Tonkolili residents fail in civil unrest appeal against mining companies (Kalma v African Minerals Limited)

News
27 Feb 2020

Dispute Resolution analysis: The Court of Appeal has upheld the judgment of Turner J, rejecting tort claims brought by residents of a remote area of Sierra Leone subjected to violence following protests in 2010 and 2012 by the local police against the owners and operators of a local mine.

Kalma v African Minerals Limited [2020] EWCA Civ 144

What are the practical implications of this case?
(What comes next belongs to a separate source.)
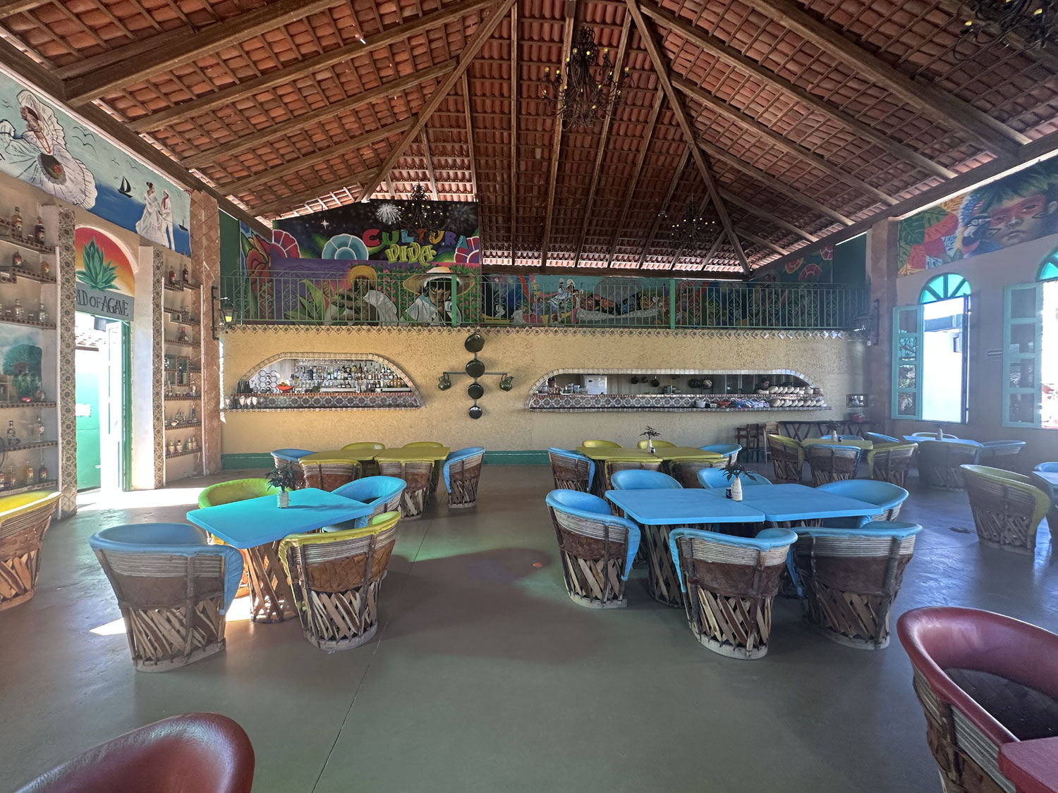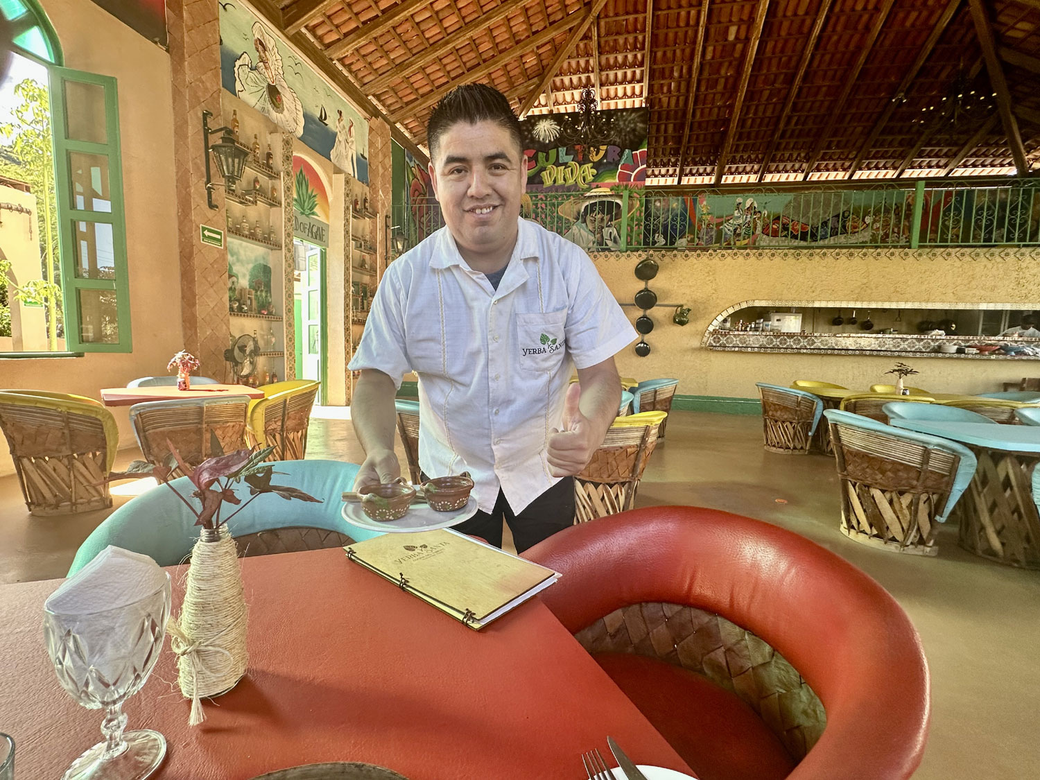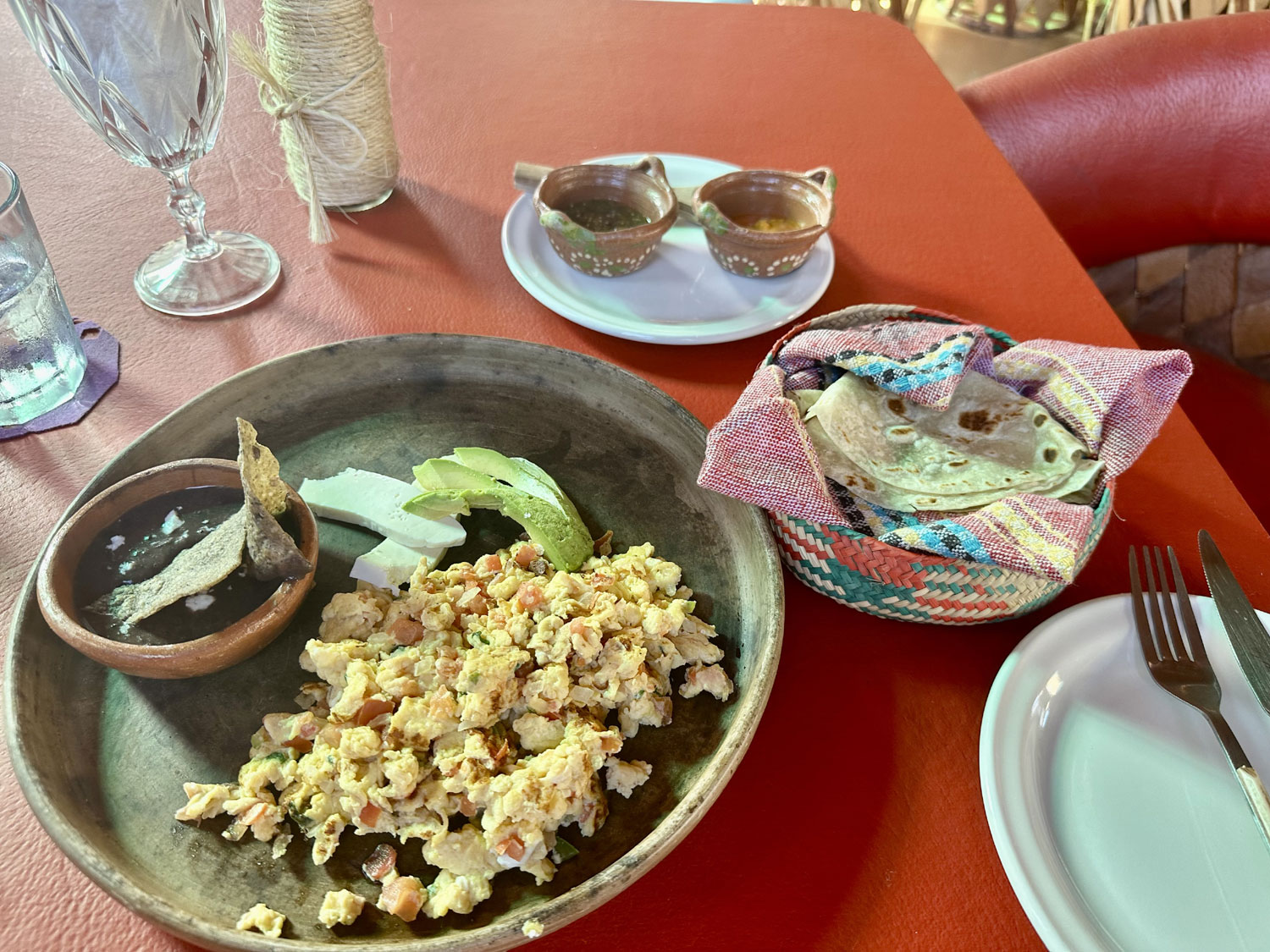 Located on the corner of Miguel Herrera and Calle Libertad is a stylish Mexican restaurant – Yerba Santa (Holy Herb). The entrance is a large arched gate leading into a big courtyard with a bar and seating at the back. The main dining room is inside a building on the property, which has murals all around the top of its high walls leading up to a tiled-palapa style roof. The murals show great scenes of Mexican life. I was having a late breakfast and grabbed an equipale chair at a table in the dining room. My server, offered me a menu in Spanish and said that the QR code in the bottom right corner led to an English menu on line. It was late enough that he also gave me the lunch and dinner menu.

The decision of the Court of Appeal underlines the difficulty Appellants face in seeking to overturn findings of fact at trial. “The trial is not a dress rehearsal. It is the first and last night of the show.” Appeal courts will not lightly characterise arguments as asserting errors of law on the part of a trial judge when, in fact, the intention of the Appellants is to overturn factual findings on the evidence. The case also shows the limits on the imposition of duties of care on parties other than the principal tortfeasors and the limits on a claim based on common design.

What was the background?

This was an appeal against the judgment, following the trial of a claim by Turner J in December 2018. The trial lasted 24 days in the first quarter of 2018. The Claimants were a group of residents of Tonkolili, a district in Sierra Leone. The Respondents owned and operated an iron ore mine in the region. In 2010 and 2012, two periods of violence and civil unrest broke out in Tonkolili, during which a number of residents were attacked and sexually assaulted. The Claimants alleged various wrongful acts of the Sierra Leone Police (“SLP”) and argued at trial that the Respondents ought, in various ways, be held liable in respect of those wrongful acts. The claims were dismissed and the Claimants appeal, their grounds of appeal being grouped into three broad challenges to the judgment. In the first group, concerning the claim on common design, the Claimants argued that the trial judge should have inferred an intention on the part of the Respondents to quash the protests in Tonkolili, if necessary by the use of excessive violence. In the second group the Claimants argued that the judge erred in his approach to the existence of a duty of care owed by the Respondents. Finally, the Claimants argued that the trial judge should have dealt with the question of causation on the basis of the alleged breaches cumulatively, rather than by reference to each of the four breaches of duty found.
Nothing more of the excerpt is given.